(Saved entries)
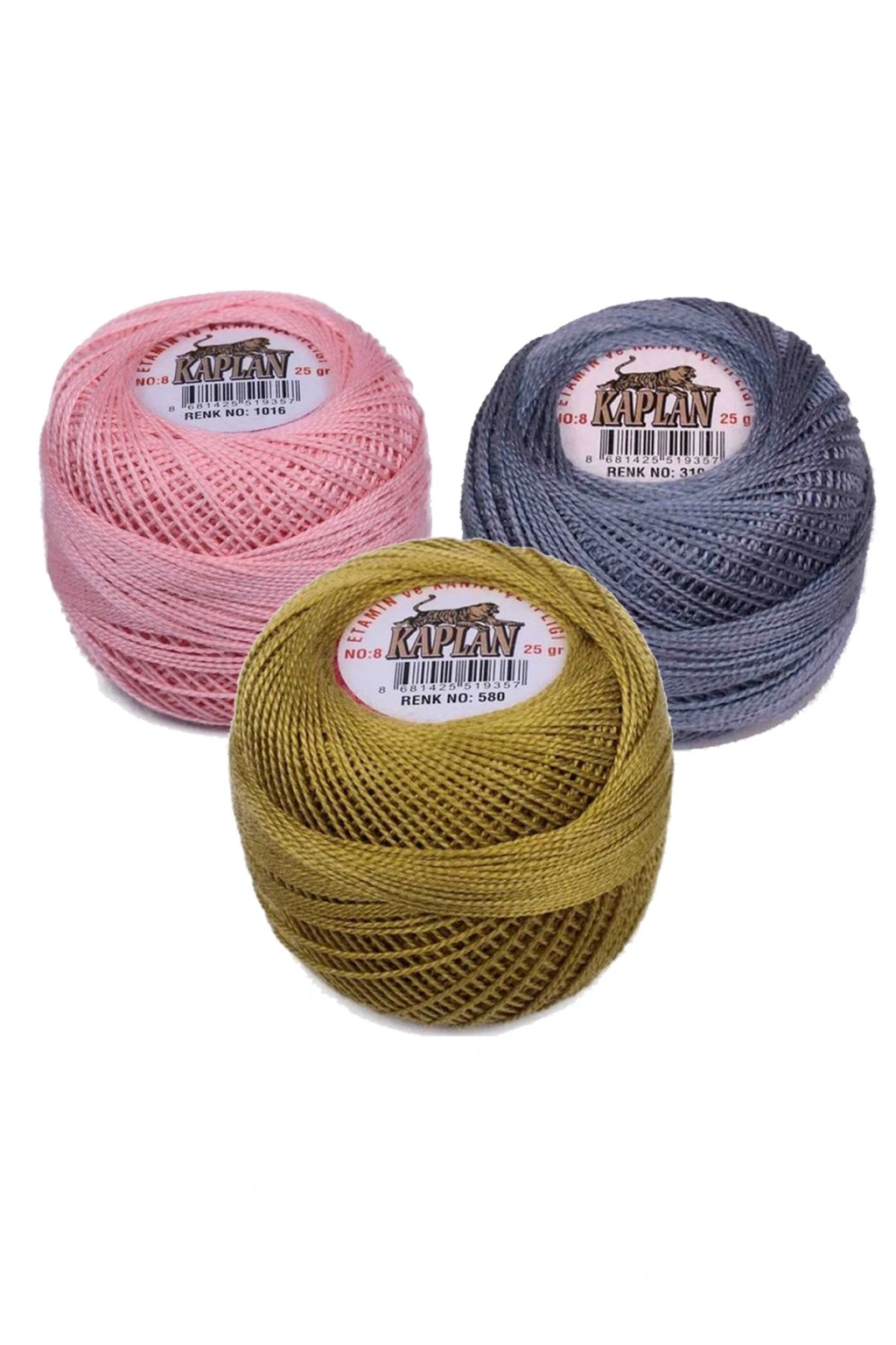 3 Adet Kaplan Etamin Ve Kanaviçe İpi 8 No Kod/Renk: 1016 - 319 - 580 - Ryl
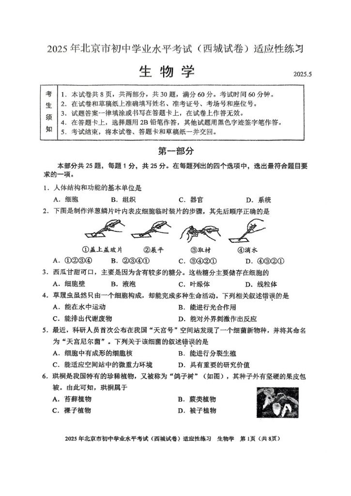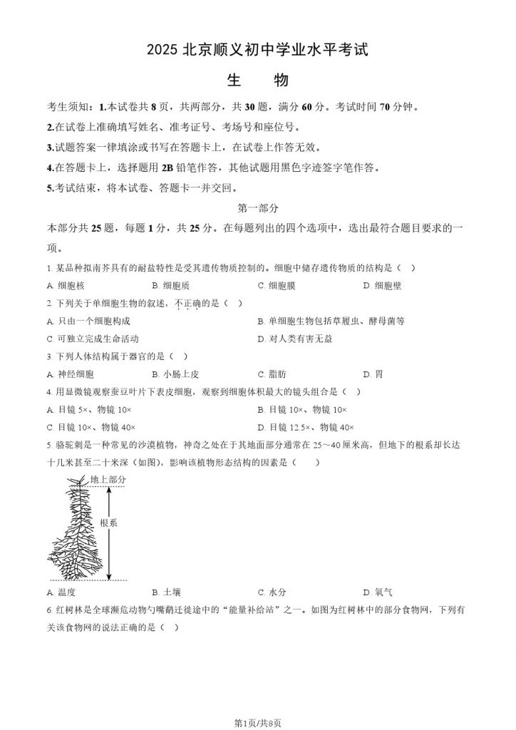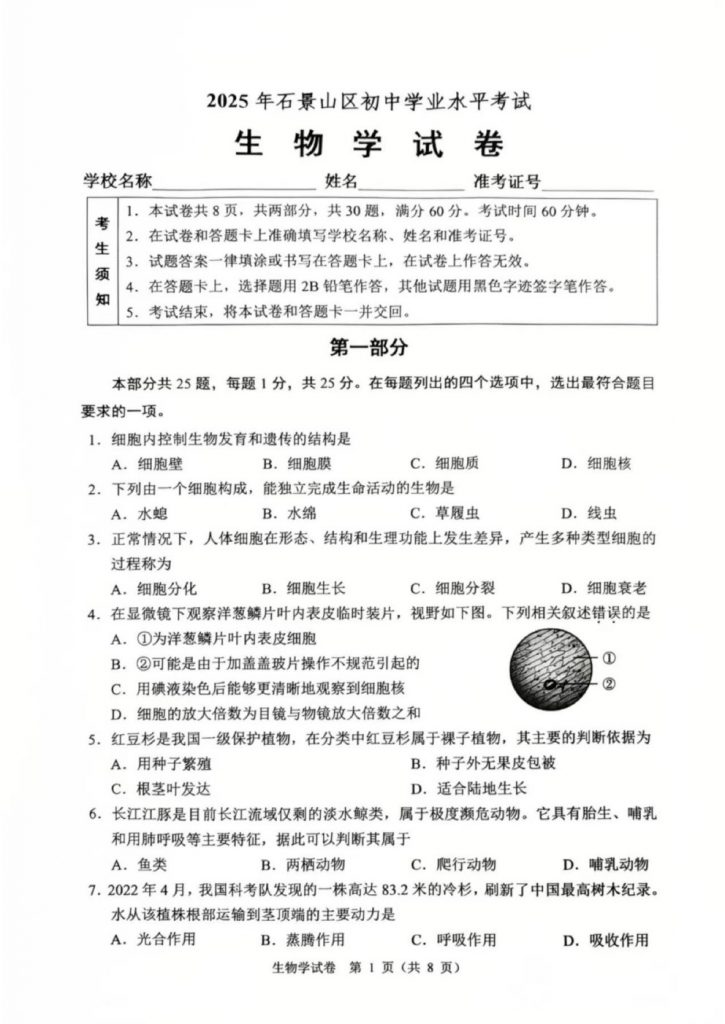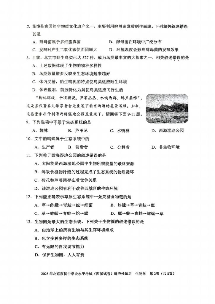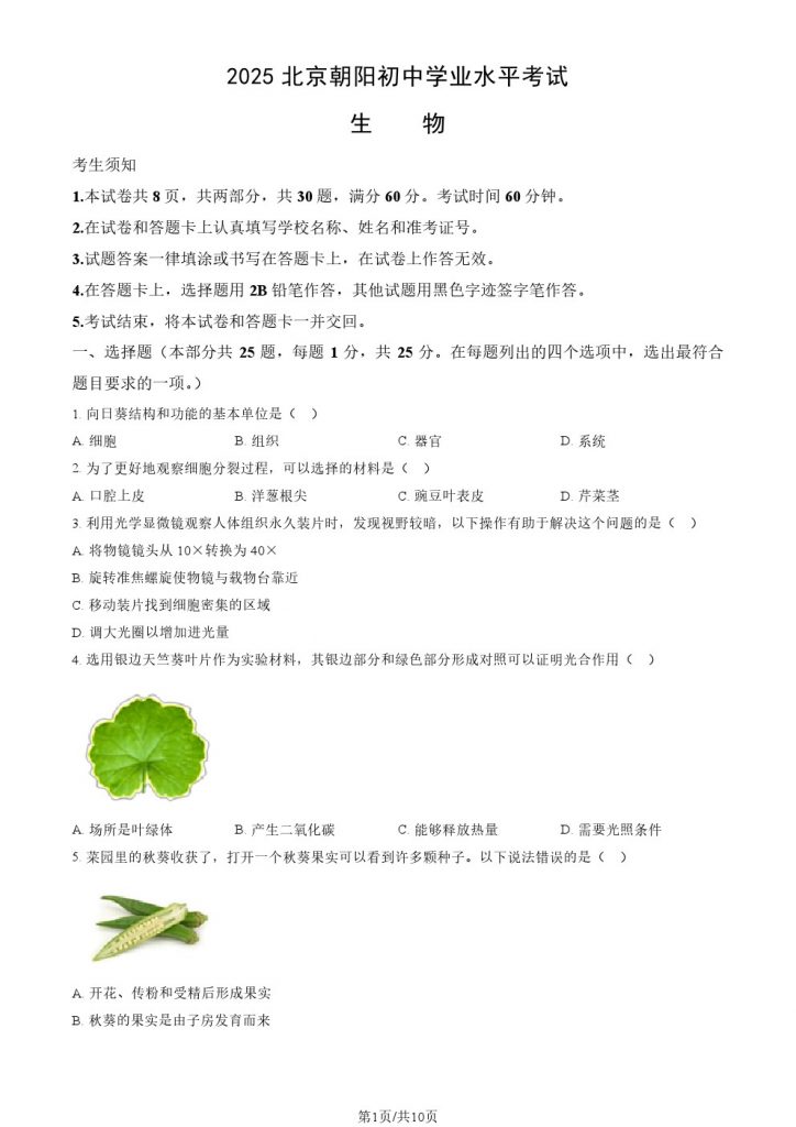 2025北京朝阳区初中学业水平考试生物试题及答案
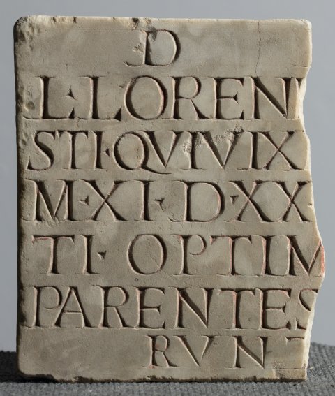 - D(is) [M(anibus)] / L(uci?) Loren[i? ---]/sti qui vix(it) [---] / m(enses) XI d(ies) XX[---]/ti optim[o ---] / parentes [--- fece]/runt
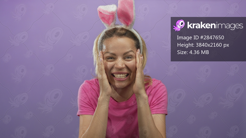 Woman holds cheeks with both hands in a purple studio setting wearing bunny ears and pink shirt; surprise.
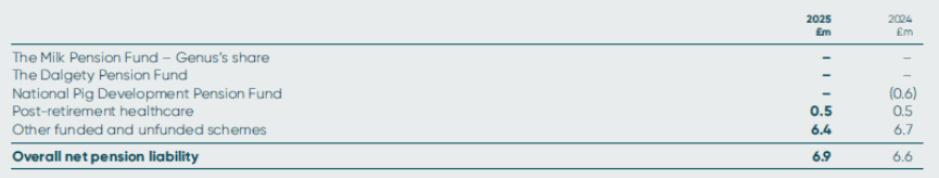 The Group operates a closed defined benefit scheme for a small number of former employees of the National Pig Development Company Limited. The total market value of scheme assets and liabilities at 30 June 2025, under the provisions of IAS 19, were £4.7m (2024: £5.4m) and £4.7m (2024: £4.8m), respectively.

▸ What to produce:
The lines from the one containing "Woman holds cheeks" through the last line of the records are what you should copy, word for word and nothing else, with pictures left out.

▸ Task output:
 Woman holds cheeks with both hands in a purple studio setting wearing bunny ears and pink shirt; surprise.
 The Group operates a closed defined benefit scheme for a small number of former employees of the National Pig Development Company Limited. The total market value of scheme assets and liabilities at 30 June 2025, under the provisions of IAS 19, were £4.7m (2024: £5.4m) and £4.7m (2024: £4.8m), respectively.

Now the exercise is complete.